Saturday, December 3, 2011

Apropos of Nothing

Many of you know that I am a convert to the Church of Jesus Christ of Latter-day Saints and you may have wondered how the daughter of a Southern-Baptist-turned-nudist-hippy mother learn about a belief system that is so hated by both of the worldviews from whence she came. Saturday morning cartoons, of course.

One morning, little 5-year-old me was watching a teeny tiny black and white TV. A tiny cartoon Donny Osmond sang "Puppy Love," and I fell. Hard. In love with a cartoon boy. Not too long after that I saw the commercial for Donny Osmond's greatest hits and began the beg-a-thon. A successful beg-a-thon. I had the album in my possession at the next gift-giving occasion.

He sang songs about little girls with blue eyes who are much too young to know about love. I wanted to marry him. But he was SO OLD! Would he wait for me to grow up?

For five years, I hoped. Then one day my mom burst my bubble.

"He's Mormon. Mormons only marry Mormons."

"What?"

 "Mormons. It's a religion. Like Catholics or Jews. They only marry people who are in their religion."

 "How do I become Mormon? What do they believe?"

"You have to be born a Mormon. I know they aren't allowed to go sleeveless. All their shirts have to have some kind of sleeves."

I cried. A ten year old kid crying because Donny not only was ten years older than she was, but also would never marry her because she was (by this point) Presbyterian. Honestly, my little heart hurt SO much. I can still feel the memory ache today.

Three years later, I'd mostly overcome my puppy love, and one of my mother's facts on Mormons turned out to be false. You don't have to be born a Mormon. My step-mother joined the Mormon church and when I came to visit that summer, asked me if I wanted to meet with the sister missionaries. (Nuns? Mormons have nuns?) Sure. I guess.

Any guesses what my first question was? Yep. Why do Mormons have to wear sleeves? My second was related: What about Marie? She went sleeveless all the time! So my very first piece of legitimate information about the church was about temple garments as explained by two LDS sister missionaries to a bra-less 13-year-old in a tank top. (I'd gotten to the hippy part of my existence.)

Eventually, I joined the church, but the journey was quite rough, worthy of its own blog post (or two).

This story came up the other day, and I turned to You Tube to illustrate.

"Is that Justin Bieber?!" asked V, my besotted 9-year-old.

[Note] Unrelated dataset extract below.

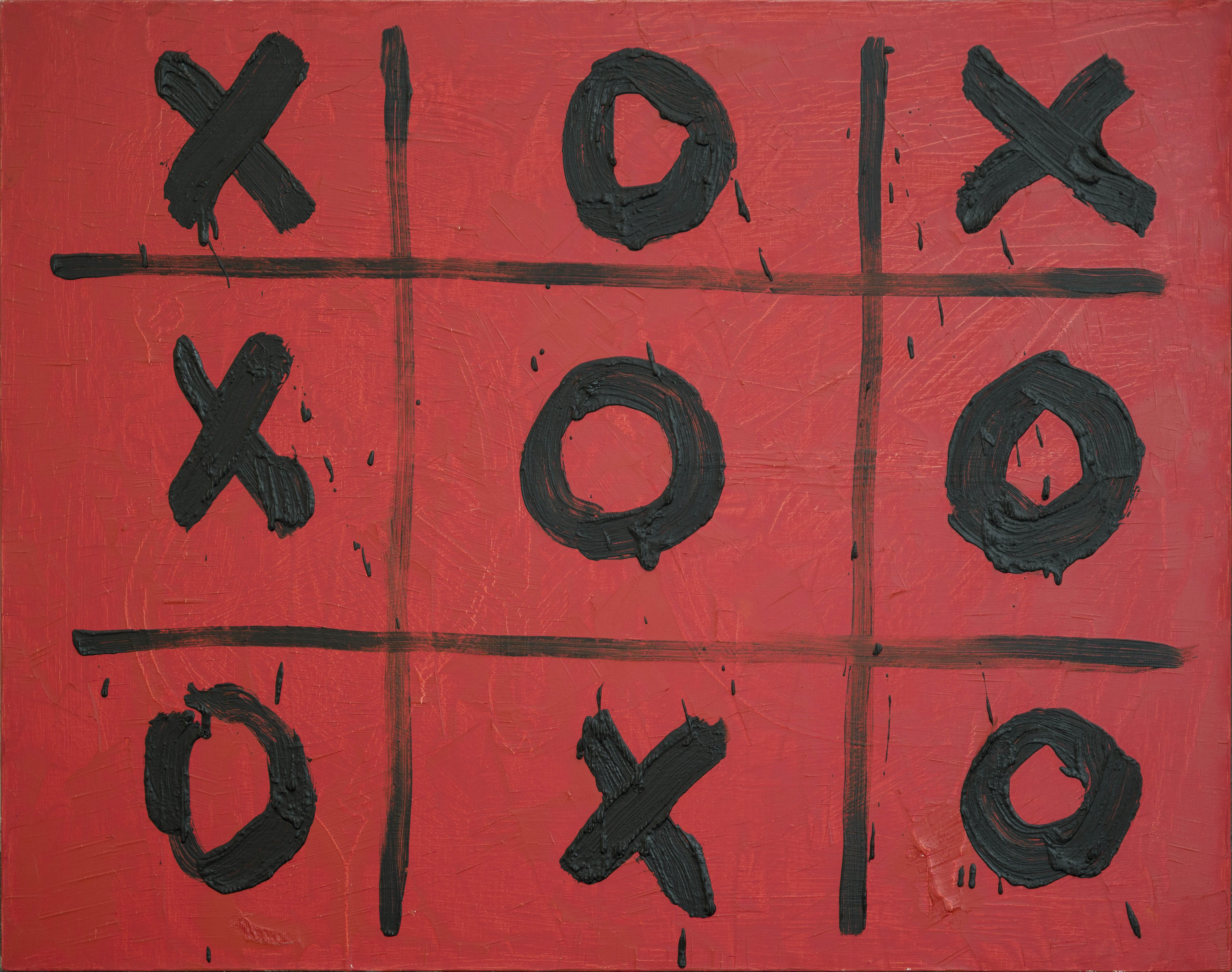 „Kółko-krzyżyk” to charakterystyczna dla Włodzimierza Pawlaka gra z prostą formą, rytmem i pamięcią wizualną. Artysta wykorzystuje układ znanej dziecięcej gry, by przekształcić go w autonomiczną strukturę malarską – pole eksperymentu z kolorem, znakiem i repetycją. Praca wpisuje się w szerszą praktykę Pawlaka, w której pozornie banalny motyw staje się pretekstem do refleksji nad językiem obrazu i możliwościami abstrakcji.

"No, but now that you mention it. . ."

                                           

6 comments:

Ardis said...

Love it! (Dare I confess that about six months ago I downloaded an album of Donny's greatest hits? "I love the little wiggle in your walk, the way you cuddle on my sho-o-oulder ..." -- No, I don't dare confess that. Don't tell anybody.)

Jami said...

It's our little secret, Ardis.

Jenny said...

So, you were the nudist, or your mom?

Jami said...

A more accurate term would be "clothing-optional." And we all were at one point or another, though by the time I was 13 I was protesting fairly loudly. I think the central valley, no air-conditioning and hippy-thinking combined to lead to our less than fully-dressed choices.

Heidi said...

Can't wait to hear the rest! Not that I haven't had the highly summarized version but all the little details are so much fun. So, did you celebrate when Donny won Dancing with the Stars? And did you know that I have both a sister and the sister of a sister in law who have met him? In person?

Chris said...

I knew a lot of young women my age in my home state who were first converted to osmonds, then the church. I was a convert, too, in my teens. I too had spent my earliest years not worrying too much about clothing. My grandparents loved living on cape cod, right on the each. My first seeing a real osmond came while shopping at a provo supermarket and getting pushed away from one of the osmonds by a 400 lb security guard who thought that I came to close to his charge- didnt even dawn on me who it was until i saw them later at a distance. not that interested in them after that.